Perhaps it’s a cliché, but I’ve made health the focus of this new year. I’m hitting the gym, tracking health with my Apple Watch, and experimenting with countering the effects of blue light exposure (for more on my health experiments, see “How I Finally Embraced the Apple Watch as a Fitness Tracker,” 7 February 2022).

The science isn’t settled, but there is a growing body of research that links blue light exposure from screens to sleep problems that may, in turn, contribute to cancer, diabetes, heart disease, and obesity. There’s a tinge of pseudoscience to some of the claims, but even Harvard Medical School points to these effects, recommending red lights and blue-light blockers at night, such as special glasses or screen filters.

Anecdotally, as someone who stares at screens all day and much of the night, I’ve been dealing with increasing eyestrain, dryness, and headaches as I get older. Apple has acknowledged this problem and provided a baked-in solution. Night Shift, introduced in iOS 9.3 and macOS 10.12.4 Sierra, gives you a free and easy way to experiment with blue light filtering. (Of course, if you need accurate color representation on your screen for graphics work, you won’t be able to use Night Shift.)

Reducing Blue Light on the Mac with Night Shift

To try Night Shift on the Mac, go to System Preferences > Displays > Night Shift, and select Turn On Until Tomorrow. If you want to leave it on all the time, there’s a trick: for Schedule, choose Custom, and set the time from 4:00 AM to 3:59 AM. That way, there is only a brief minute during the wee hours in which Night Shift is off.

Night Shift settings

But Night Shift may not be all that effective. In a 2018 study, researchers at Rensselaer Polytechnic Institute had 12 young adults look at iPads between 11 PM and 1 AM. They tested four conditions across four nights: LED goggles that emitted a lot of blue light, Night Shift set to less warm, Night Shift set to more warm, and a dim light control with orange goggles. The researchers found that when Night Shift was enabled, the participants’ melatonin levels were slightly less suppressed, but there wasn’t a significant difference between settings. (Melatonin is a hormone that helps you sleep, and exposure to blue light suppresses it.)

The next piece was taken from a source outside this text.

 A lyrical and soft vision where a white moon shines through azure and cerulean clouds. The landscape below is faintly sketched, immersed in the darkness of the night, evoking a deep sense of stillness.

But this was a small study, almost certainly conducted on college students whose sleep schedules and habits aren’t representative of older or younger people. And while Night Shift’s effects weren’t significant with respect to melatonin suppression, they did show a slight improvement. The researchers also noted that screen brightness was also a factor. All this got me thinking—what if Night Shift doesn’t block enough blue light?

With that last idea in mind, I looked for something stronger. Initially, I tried f.lux, the classic open-source app that Apple Sherlocked with Night Shift, but it’s tuned for gradual blue light reduction throughout the day. I wanted to eliminate blue light with the flick of a switch.

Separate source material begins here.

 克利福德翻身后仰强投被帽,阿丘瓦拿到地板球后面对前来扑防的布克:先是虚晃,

Eliminating Blue Light on the Mac

Night Shift reduces blue light but doesn’t eliminate it. To do that, you need a red filter, since red is the opposite of blue on the color wheel. Thankfully, the Mac has a built-in way to do that.

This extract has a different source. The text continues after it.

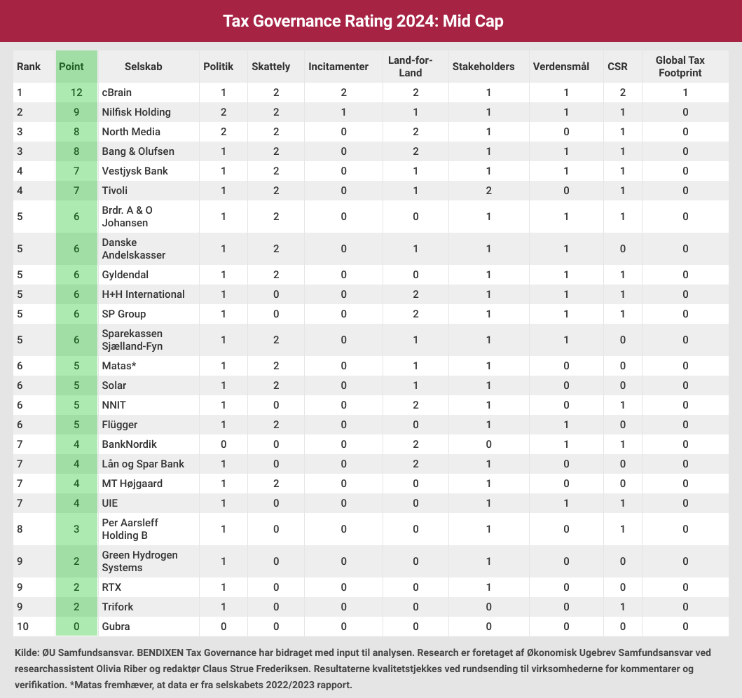 Mere om hvordan mid cap og large cap generelt klarer sig i Økonomisk Ugebrev Tax Governance Rating 2024 finder her.

First, turn on Night Shift as described above, which removes some blue light but not all. We’re going to add a toggleable color filter on top of Night Shift to eliminate even more:

  1. Go to System Preferences > Accessibility > Display > Color Filters.
  2. For Filter Type, choose Color Tint.
  3. Move the Intensity slider all the way to the right.
    Color Filter settings

Now we want to set the maximum shade of red:

  1. Click the box next to Color (highlighted above) to open the color picker.
  2. Click the second icon in the toolbar and choose RGB Sliders from the pop-up menu. Turn red all the way up (255) and set both green and blue to zero.
    Color Picker settings for pure red

That’s our initial setup. Now let’s make it easy to turn on and off:

  1. While in the Accessibility preference pane, select Show Accessibility Status in Menu Bar at the bottom of the pane.
  2. Scroll all the way to the bottom of the sidebar and select Shortcut.
  3. Unless you need any of the other features listed, uncheck everything except Color Filters.
    Accessibility shortcut for color filter

Now you have two ways to toggle the red color filter:

  • Press Command-Option-F5 on your keyboard or press the Touch ID button three times. If you have more than one Accessibility shortcut enabled, it will present a (rather slow) menu that lets you turn accessibility features on and off. Otherwise, it instantly turns the screen red.
  • Click the Accessibility icon in the menu bar (it looks like a little man in a wheel) and choose Color Filters.
    Accessibility Shortcuts in the menu bar

As you can see in the photo below, this provides a rather shockingly red screen that’s appropriate for indicating your Evil Computer Hacker status or developing analog film in a darkroom.

Red-filtered iMac

If the color filter doesn’t work on a second display, the likely culprit is a color profile. To fix that, open System Preferences > Displays. Make sure you’re looking at the display the color filter isn’t working on because macOS shows an individual settings panel for each display. Click Color, and then pick another profile like Generic RGB Profile. If you don’t see any that work, uncheck Show Profiles For This Display Only to show all available profiles.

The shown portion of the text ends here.